Lists the IPS signatures, by numeric ID, currently configured.

Alert will show signatures configured to alert when triggered.

Disable will show the signatures currently disabled.

Drop will show the signatures currently configured to drop traffic when triggered.

ips_conf

Shows the current IPS configuration.

lanbypass

Shows the current lanbypass configuration. In this mode, one or two pairs of interfaces are bridged, allowing uninterrupted traffic flow without scanning when there is power failure or hardware malfunction.

nat-policy

application-server

failover

mail-notification

Displays the nat policy settings, enabled or disabled, for the protected application servers.

network

Displays various configured network parameters according to the filters used.

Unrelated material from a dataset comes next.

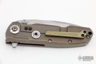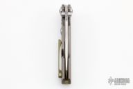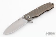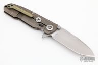 This Frame lock Flipper by District 9 has a stonewashed S35VN clip/ spear point blade with dual thumb studs, flipper, and filed thumb rest. Handle is stonewashed and anodized titanium with stainless steel lock bar insert, manual lock safe system (preventing the lock bar from sliding to the open position, making this knife a virtual fixed blade), stonewashed titanium backspacer and tip up clip, and lanyard hole. This is an impressive piece with superb ergonomics and mechanics. Flips like a champ on caged bearings, dead center blade seating and rock solid lockup. Very nice work. Excellent condition.

interface-speedinterfaceid

Shows the current network speed over the specified interface.

interfaces

Shows details of interfaces on the appliance including logical interfaces.

lag-interfaceinterfaceid

Shows details of the specified LAG interface.

macaddrinterfaceid

Displays the MAC address of the specified interface.

mtu-mssinterfaceid

Shows the current configured MTU of the specified interface, default MTU 1500 MSS 1460.

static-route

Displays all current IPv4 static routes.

static-route6

Displays all current IPv6 static routes.